El Zeta no cambia de diana y esta vez tampoco yerra.

La sartén se agita en el centro de la puerta como una marioneta.

—Pedro aumenta su ventaja: ¡treinta a cero! —anuncia el cocinero-entrenador.

César y Vlado intercambian miradas de satisfacción.

—Aunque sea a paso de tortuga, se está acercando el primero a la meta —comenta Nico con inquietud.

—Pues sí, Tomi tendría que olvidarse de la cuchara —apunta Fidu.

—Si lo conozco bien, tratará de dar a los cubiertos las cinco veces, aun a riesgo de quedarse con cero puntos —indica Sara.

Yo diría que la gemela tiene razón…

Tomi cambia de pie y de escuadra, y esta vez dispara con el interior izquierdo hacia el tenedor. La pelota gira en el aire, pero va demasiado baja y acaba en el fondo de la red sin rozar siquiera el cubierto.

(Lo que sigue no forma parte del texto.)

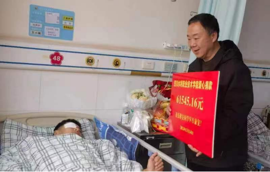 在感受到学校领导及老师同学们的温暖关怀后,张继安同学感动不已。他表示自己一定振奋精神,配合治疗,早日回归校园,以实际行动回馈学校和社会。
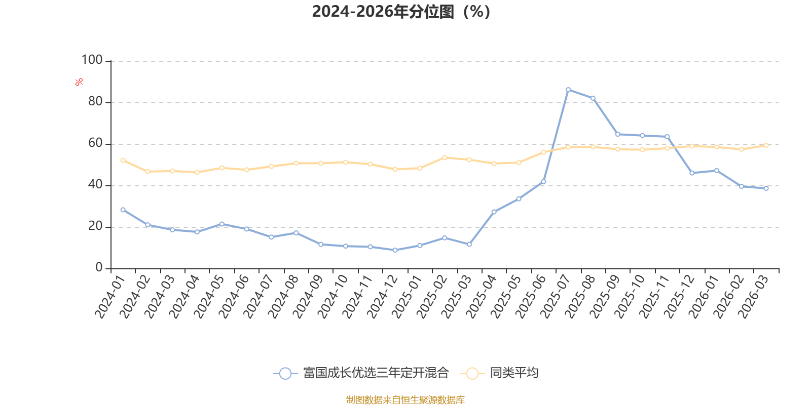 通过所选区间该基金净值增长率分位图,可以观察该基金与同类基金业绩比较情况。图为坐标原点到区间内某时点的净值增长率在同类基金中的分位数。
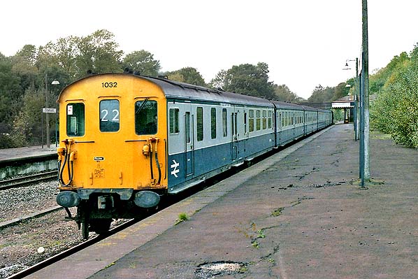 6L 1032 calls at Crowhurst on 26 October 1984 with the 13:45 Charing Cross to Hastings service. The bay line on the right is now heavily overgrown

El cuarto tiro es una fotocopia del tercero: Pedro acierta la sartén y Tomi yerra una vez más con el interior izquierdo.

—El último tiro del torneo —anuncia el cocinero-entrenador—. Atención chicos, la situación es esta: Pedro cuarenta, Tomi cero.

—Aún puedes ganar, capitán —susurra Fidu—. Si vuelve a acertar la sartén se pone con cincuenta. Luego tú apuntas al colador, empatas con Pedro y llegas al desempate, ¿vale? ¡Olvídate de los cubiertos!